Classifier Context Limit Handling
Different classifier models have vastly different context windows:
| Model | Context window | Recommended strategy |
|---|---|---|
gpt-4o-mini | 128,000 tokens | truncate |
claude-haiku-4-5 | 200,000 tokens | truncate |
llama-3.1-8b | 8,192 tokens | metadata_only |
gemini-flash-2.0 | 1,000,000 tokens | truncate |
phi-4 | 16,384 tokens | summary |
Three strategies are supported:
metadata_only — the classifier never sees message content, only extracted metadata. Safest for small-context models (< 16k tokens). Lowest classification quality for ambiguous prompts.
truncate — the last user message and a truncated system prompt are included up to contextLimit x 0.6 tokens (leaving headroom for the category list and output). Best trade-off for most models.
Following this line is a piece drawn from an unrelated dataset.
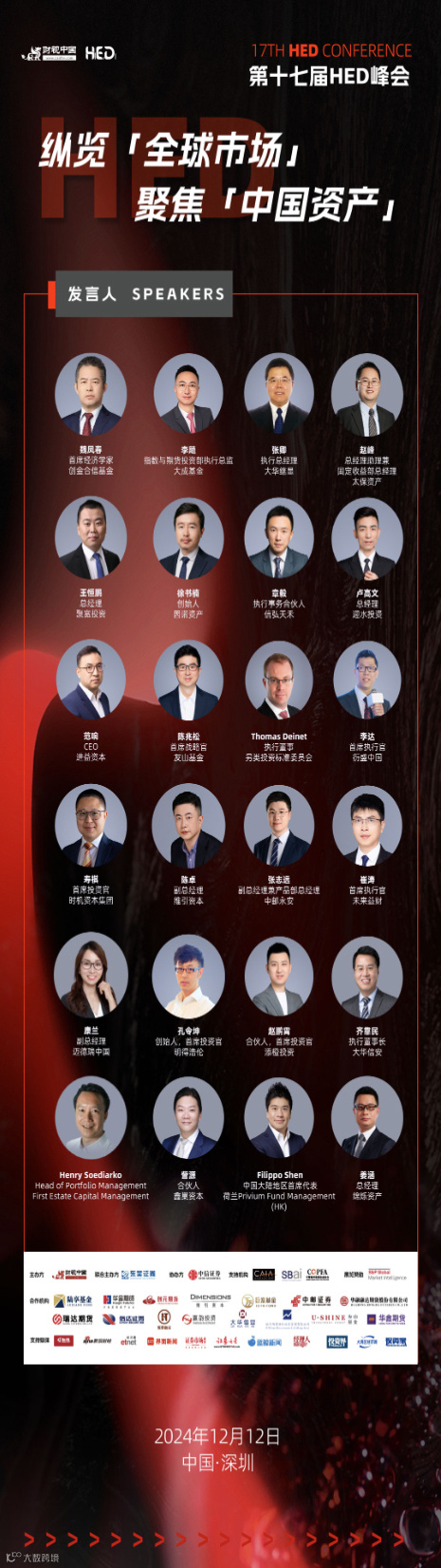 HED 峰会参与机构包括银行金融市场部、资产管理部、私人银行部、银行理财子公司、保险资产管理公司、信托、公募基金、券商资管公司、私募基金公司、上市公司等多产业链多生态专业人员共同塑造中国金融体系。同时 HED 峰会注重全球资产配置及中国投资机遇,促进资金全球化配置及财富多元化策略,探索多变市场环境中投资机遇与投资策略,同时伴随着 AI,资管科技和财富管理科技的不断发展很深化,更多的智慧投资机会和智能投资技术也在快速迭代,为市场带来新的视界和新的可能性。ESG 和碳中和投资机会也将被纳入本次论坛为活动内容的整性和全新的投资赛道提供更多可能。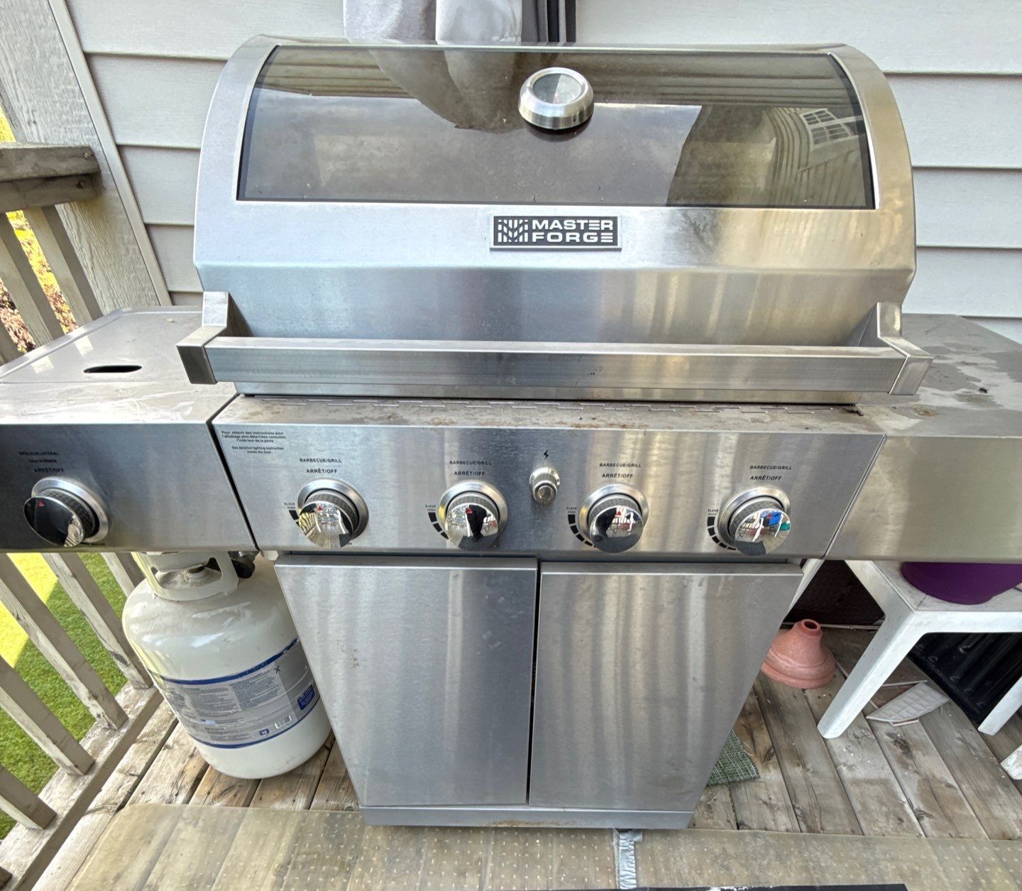 Master Forge Propane BBQ Grill w/ Side Searing Feature 56x21x45 w/ Propane Bottle

summary — a cheap, fast model first generates a 200-token summary of the full context, then the classifier receives that summary. Highest quality for long inputs, but adds one extra API hop.
The strategy and context limit are configured per tenant in the Routing Config UI.
Routing Categories
Open Model Prism ships with 45 built-in routing categories across four cost tiers. Categories are stored in MongoDB and fully editable — add, remove, rename, or adjust defaults without code changes.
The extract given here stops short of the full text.